I'm not the only one who picked up on this aspect of the show. Rob Owen ("Tuned In: The good word on kids' shows", 9/2/2007, Pittsburg Post-Gazette) wrote:

I have particular affection for this series because it provided laughs to me and others throughout July's TV critics press tour. Whenever a questioner or the person answering a question mangled the English language during a press conference, my buddy and fellow critic would lean over and say, "We need WordGirl!"

Given that pre-adolescents are traditionally in search of ways to feel superior to adults -- not that they ever need to look very far -- perhaps exactly what the nation needs these days is a role model to inspire more fifth graders to become snarky and obnoxious by using big words and correcting the usage of others. I think the idea, though, is just to use the snark as a way to sugar-coat the pill of vocabulary enrichment, not to turn out a whole generation of David Foster Wallaces.
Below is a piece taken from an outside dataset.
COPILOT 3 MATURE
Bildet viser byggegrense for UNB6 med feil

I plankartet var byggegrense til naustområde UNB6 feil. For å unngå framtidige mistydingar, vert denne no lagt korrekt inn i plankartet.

But children's shows are inevitably about symbols of identity as well as about transmission of literal content. (I don't think it's an accident that the generation who grew up with the multicolored fur of the Sesame Street puppets took to dying their hair orange and green and purple in college.) And from the point of view of identity symbols, the role of gender and class in WordGirl also deserves a comment.
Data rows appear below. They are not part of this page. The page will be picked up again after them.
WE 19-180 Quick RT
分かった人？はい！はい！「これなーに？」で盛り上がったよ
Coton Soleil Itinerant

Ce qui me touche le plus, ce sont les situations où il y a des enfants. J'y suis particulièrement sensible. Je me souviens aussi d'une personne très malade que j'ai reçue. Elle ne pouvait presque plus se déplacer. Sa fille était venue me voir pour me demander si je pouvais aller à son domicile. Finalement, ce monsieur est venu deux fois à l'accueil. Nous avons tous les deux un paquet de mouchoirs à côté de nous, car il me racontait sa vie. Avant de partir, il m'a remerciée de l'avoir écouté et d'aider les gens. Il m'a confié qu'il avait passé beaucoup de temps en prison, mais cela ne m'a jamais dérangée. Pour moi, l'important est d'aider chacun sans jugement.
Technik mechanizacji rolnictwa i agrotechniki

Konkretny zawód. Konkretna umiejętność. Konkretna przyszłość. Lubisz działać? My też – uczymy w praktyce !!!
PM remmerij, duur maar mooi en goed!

WordGirl is presented as the champion of English as a literary language. Her super-enemies are almost all adult males, including especially The Butcher, complete with deep voice, five-o'clock shadow, male pattern baldness, and stereotypical working-class accent. (The Butcher's superpower apparently involves forcing opponents to eat too much meat, but that's a topic for another post.) So I wonder: how long will it take, after the pilot airs at 4:30 this afternoon, before the first schoolboy with an interest in reading and writing is nicknamed "WordGirl" by his classmates? My bet is on the morning recess at school tomorrow, in those areas where the schools are already in session.
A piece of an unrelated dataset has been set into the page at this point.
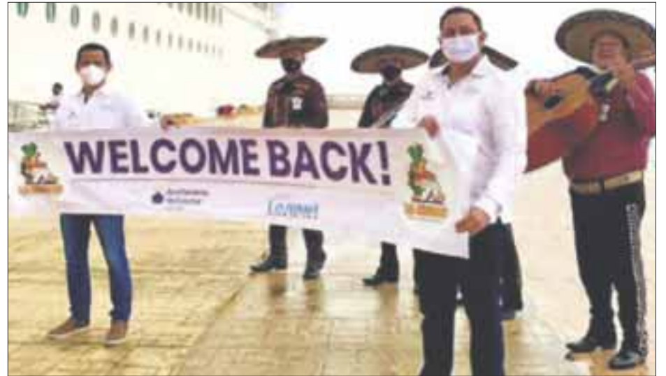
Este miércoles llegó la primera embarcación de Royal Caribbean International, proveniente de Bahamas.

El gobernador especificó que la empresa naviera dividió en dos grupos a los pasajeros: vacunados y no vacunados. El 95 por ciento de los pasajeros están vacunados con esquema completo, mientras que los no vacunados, que son aproximadamente 150 personas (menores de 12 años y personas con alguna condición de salud), presentan prueba negativa PCR máximo de 3 días antes de abordar, además de que les realizan una prueba

Maybe the show's creators have a plan for dealing with this issue, I don't know. But on the face of it, the clips posted to YouTube suggest that this show could have a large and negative impact on the educational gender gap.

I've been vocally skeptical about the genetic and neurological basis that some have claimed for this problem; and it remains unclear whether the problem is that boys are doing worse, or that girls are doing better. But the gap is real, and the way to improve things may not be to associate vocabulary improvement with a 5th-grade female superhero correcting the English of adult male villains.

The show's regular slot will be 3:30 p.m. on Fridays and 10 a.m. on Sundays.

[If it's not clear to you why WordGirl is any way problematic, try to imagine the reaction to a show where MathBoy defends the world against villains like Ms. BadAd, a PR consultant who doesn't understand percentages, and CheckoutGirl, who is too dim to make change correctly.

Apparently a female villain, "Lady Redundant Woman", is due to appear in a WordGirl episode next spring -- though her fault, I imagine, will be to use too many words. And according to the wikipedia entry, two of the 30 WordGirl shorts (shown on PBS Kids GO! last fall) featured the villain Granny May, although neither of these appears to be on YouTube -- and it's not clear that Granny has any vocabulary problems. The WordGirl web site identifies her as "a mean, grumpy criminal ... [who] plays the role of a feeble, kindly, hard-of-hearing grandma in order to deceive the city and rob everyone blind".

Perhaps at some point we'll learn that Y chromosomes are also to be found on the planet Lexicon, where WordGirl comes from, and that not everyone who misuses or misunderstands the vocabulary of Standard Written English is male. But as presented in the YouTube clips, the show seems designed to persuade boys that words are for girls.]

[Daniel Tobias writes:

Back in the '70s, on the PBS kids' show "The Electric Company", they had a male alphabet-based superhero, Letterman. (I don't think his first name was David.)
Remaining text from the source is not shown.